El gobernador de la provincia afirmaba en 1853 que “no hay cementerio en Caracas”, confirmando “la irreversible repugnancia que experimentan los ciudadanos al ordenarles que depositen los restos de las personas queridas que les ha arrebatado la muerte en esa área, perpetuo paseo de animales inmundos, que sin cerca ni capillas, se ha llamado acaso por ironía el cementerio del Norte”.[63] Advertía de inmediato que “el cementerio de que se trata se ha de hacer por empresas particulares” o bien conseguir fondos para ello.

 

Cólera, zanja y cal

 

En 1855 llega el cólera. Entre el 26 y el 29 de agosto caen los primeros 26 coléricos. El día 28 la gobernación decidió “abrir una zanja en la Sabana del Blanco, larga y muy honda para enterrar allí a todos los muertos por el cólera” (Rodríguez, 1929, p. 46). Ordenó lo mismo a otros lugares; las zanjas debían estar “a las faldas del Ávila, a una gran distancia del poblado”.[64] La epidemia llegó con los cementerios en crisis. La decisión de 1852 para que el del Norte sustituyese al de Anauco, no fue acometida del todo. Se quejaban en diciembre de 1855 “que no ha habido una sola inhumación en el cementerio del Norte, porque todas han sido en la zanja de los coléricos o a sus costados”.[65]

La profecía del gobernador un par de años antes se cumplió con la epidemia: dos iniciativas privadas acometieron la construcción de cementerios para Caracas. La primera de ellas la emprende el obispo Talavera. Se interesó en la situación del cementerio del Norte con el objeto de obtener su concesión. En septiembre de 1855 visitó el lugar y alcanzó sus observaciones al gobernador, comentando las condiciones de los trabajadores, quienes “hacen las excavaciones profundas, echan la tierra y la pisan sobre los cadáveres”, concluyendo que no es extraño que alguno “haya muerto del cólera”.[66]

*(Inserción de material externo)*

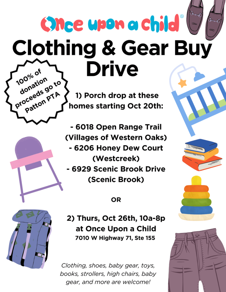 - Oct 20-26th 10am-8pm: Clean Out Your Closets for Patton! Early drop-off at volunteer homes 10/20 – 10/25. Drop-off at Once Upon a Child on 10/26. (see flyer for details)

En octubre Talavera constituyó una Sociedad Empresaria llamada Cementerio Católico de San Simón, y el 6 de diciembre de 1855 obtuvo la concesión “del área con cimientos en que se entierran actualmente los cadáveres en la Sabana del Blanco, para construir un cementerio decente”. Prometía sepulturas gratis a los pobres de solemnidad y la construcción de un hospital con el producto obtenido, “de manera que los muertos mantengan a los vivos”.[67] El cementerio funcionó por suscripciones y Talavera comenzó a inhumar el 29 de diciembre.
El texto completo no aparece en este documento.